La fusée est enfin prête et, joyeux du but atteint, le Prince part vers les étoiles. Chaque soir, il ne manque pas de transmettre des messages à sa Princesse, pour s’assurer que tout va bien, et relate avec passion l’avancée de son travail. Après plusieurs semaines d’efforts, il parvient à attacher l’étoile à la fusée, et la ramène sur la terre.
Heureux et souriant, il rejoint alors sa bien-aimée.
- Voilà votre étoile ! N’est elle pas belle ? Venez la toucher.
La Princesse fait la moue.
- Je ne pensais pas qu’une étoile était si grise, vue de près.
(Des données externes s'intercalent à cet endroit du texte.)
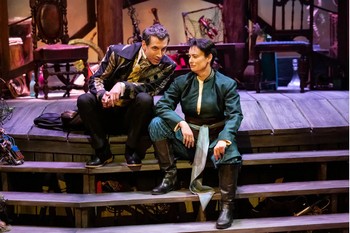 Twelfth Night is set in the kingdom of Illyria and follows the story of Viola, a young woman who is shipwrecked and believes her twin brother Sebastian has drowned. Disguising herself as a man named Cesario, Viola enters the service of Duke Orsino and quickly becomes his trusted messenger in his pursuit of the countess Olivia. But even as she pursues Olivia in the Duke's name, Viola falls in love with Orsino. To make matters worse, Olivia quickly falls for Viola disguised as Cesario. Things only get more tangled when Olivia's household staff get involved and Sebastian shows up very much alive. Olivia (and, of course, Cesario) is played by the winsome Melissa Rakiro. Frequently nervous, easily excited, and always adorably earnest Rakiro's energy is fantastic. There is a fun, easy chemistry between Rakiro and Damon Bonetti as Duke Orsino. Their lopsided romance is more schoolyard crush than desperate unrequited love, which keeps the tone light and feels right in line with the rest of Shakespeare's comedy. Bonetti wisely chooses to play the Duke as childish but charming, eschewing a more dark and brooding affect. Other standouts in the all-around excellent ensemble include J Hernandez as the unintentionally hilarious Sir Andrew, David Ingram as the much maligned Malvolio, and Joanna Liao as a vibrant and capricious Viola. Featuring a richly jeweled color palette and lots of fun detail, Marla Jurglanis costume designs are wonderful. James F. Pyne Jr.'a set design gives the actors plenty of spaces and levels to work, but having a ship's bow on stage for the duration does not make sense to me. I also found the set a bit too dark, but cannot say whether that is due to Pyne's design or the lighting designed by Tydell Williams. McMahon's production features beautiful original music composed by Barrymore Award-winner Christopher Colucci. Colucci's score turns a potential lull (many productions struggle with the song lyrics in Shakespeare's work) into one of the play's highlights. It is a real treat to see the actors themselves play and sing the songs live on stage. I highly recommend heading over the Lantern Theater and having a listen and a laugh for yourself. The Lantern's production ofTwelfth Night runs through Sunday, June 18, 2023, at St. Stephen's Theater, 923 Ludlow Street, Philadelphia PA. For tickets and information, please visit www.lanterntheater.org or 215-829-0395. Cast: Creative Team: |
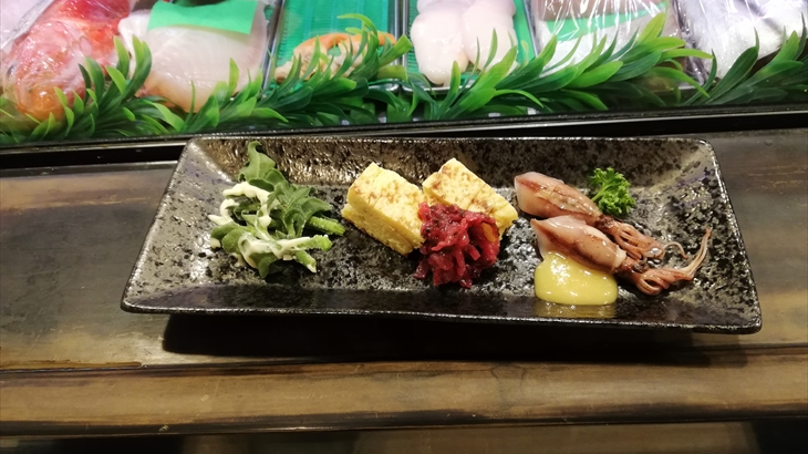 ホタルイカ・たまご・野菜の3点盛り前菜、小学生にはホタルイカは苦手なようでした。タコとキュウリの酢の物が登場、これも小学生には飲み込むのが苦手なようでした。ここまでは小学生にとってワーイという感じではないようです。

Et quelle poussière ! Vous n’avez pas dû ramener celle que je voyais briller, j’en suis sûre. Celle-ci est bien trop terne.
Le Prince s’en défend, un peu furieux d’être accueilli de la sorte après tant d’efforts :
- C’est impossible ma douce, c’est bien votre étoile.
Elle lui rétorque :
- Ce n’est pas grave, maintenant que votre fusée fonctionne, vous pourriez trouver une étoile plus brillante.
Perplexe, déçu et interloqué, le Prince, qui n’a qu’une parole, décide de repartir. Dans le ciel, après un sérieux repérage, il se dirige vers l’étoile la plus brillante. Il se remet au travail comme un forcené, mais l’éclat de l’étoile alourdit celle-ci, et plusieurs mois de travaux sont nécessaires.
Enfin arrive le jour du retour.
A nouveau empli de bonheur à l’idée de voir la joie de sa Princesse, et la réalisation de son voeu, il rentre au royaume.
Il la fait quérir, mais personne ne la trouve.
Furieux et agacé, il fait le tour du royaume, et la découvre enfin.
- Mais qu’avez-vous donc, ma mie ? Savez-vous que j’ai réussi à ramener une nouvelle étoile, et la plus brillante ? Pourquoi n’étiez-vous pas là pour m’accueillir ?
- Je suis navrée mon Prince, mais je me dois de quitter le royaume.
- Mais pourquoi ? Quelle idée ? Vous êtes devenue complètement folle ma foi ! Quelle ingratitude ! Tous ces travaux pour vous protéger, tous ces remparts, ce chapiteau sur le palais ! Tout ce travail pour aller chercher vos étoiles ! Mais de tout cela, de tout ce temps passé pour vous, qu’en faites-vous ?
Elle lui répond alors :
- Il n’est nul besoin de construire des remparts ou de dresser des chapiteaux, mon Prince. Seuls vos bras auraient suffit à me protéger, et vos paroles à me rassurer. Mais peut-être n’en aviez vous pas le courage.
Il n’est nul besoin de tant de temps passé, à bâtir une fusée. Ne suffit-il pas de voir que chaque jour, la plus belle des étoiles est à vos côtés ? Donnez-moi votre main.
Abasourdi, le prince tend sa main. Elle lui prend, et lui dit :
- Voilà, mon Prince. Regardez comme c’est simple d’attraper une étoile !
Le Prince revint au Palais, et de rage, détruisit les remparts, le chapiteau, la fusée, et fit nettoyer la poussière des étoiles.
Il se dit aujourd’hui, plusieurs centaines d’années plus tard, que le palais est en ruine, envahi d’herbes folles. La légende raconte qu’un vieillard vient s’y asseoir toutes les nuits, pour regarder les étoiles.
A ses côtés, une douce voix lui murmure : l’étoile la plus brillante est seule celle de ton cœur.